-- Work task --
Pictures excluded, set down exactly the lines from the one containing "Тумба с раковиной" through the final line of the material, and only those.

-- Data shown --

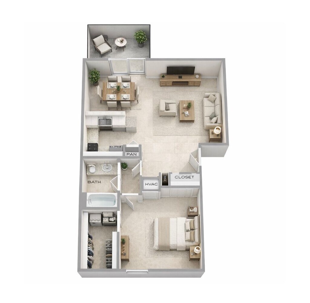 1 Dormitorio, 1 Baño, 725 pies²Disponible AhoraGalería del Modelo
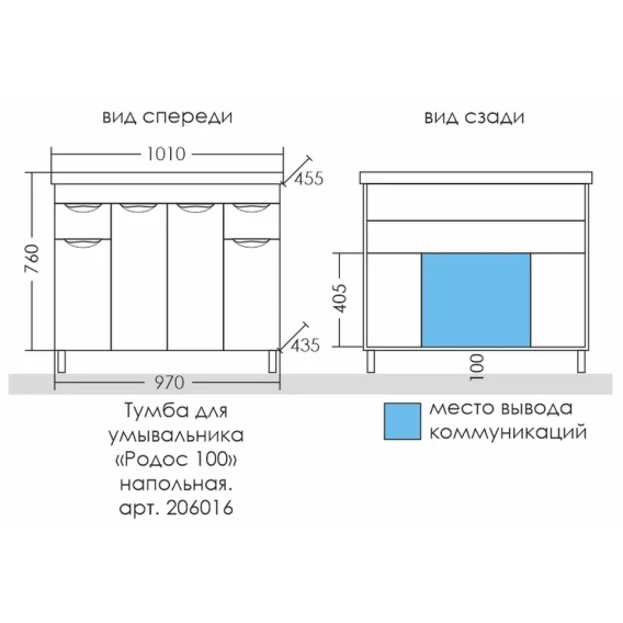 Тумба с раковиной белый глянец 101 см Санта Родос 206016 + FOCTEP100
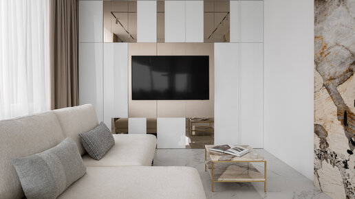 Шкаф для одежды с ТВ зоной. Продуманная система хранения и оформление фасада. Фото В этой квартире было необходимо спроектировать много мест для хранения, и в кухне-гостиной из-за большого количества окон оставалось два места для шкафа: напротив окна и рядом с ним. Если бы мы поставили шкаф напротив окна, комната стала бы гораздо уже. Поэтому мы расположили его рядом с окном, заняв всю стену, но при этом использовали место даже за телевизором. Привет! Меня зовут Карен Карапетян, я — архитектор и интерьерный дизайнер...

-- Task solution --
 Тумба с раковиной белый глянец 101 см Санта Родос 206016 + FOCTEP100
 Шкаф для одежды с ТВ зоной. Продуманная система хранения и оформление фасада. Фото В этой квартире было необходимо спроектировать много мест для хранения, и в кухне-гостиной из-за большого количества окон оставалось два места для шкафа: напротив окна и рядом с ним. Если бы мы поставили шкаф напротив окна, комната стала бы гораздо уже. Поэтому мы расположили его рядом с окном, заняв всю стену, но при этом использовали место даже за телевизором. Привет! Меня зовут Карен Карапетян, я — архитектор и интерьерный дизайнер...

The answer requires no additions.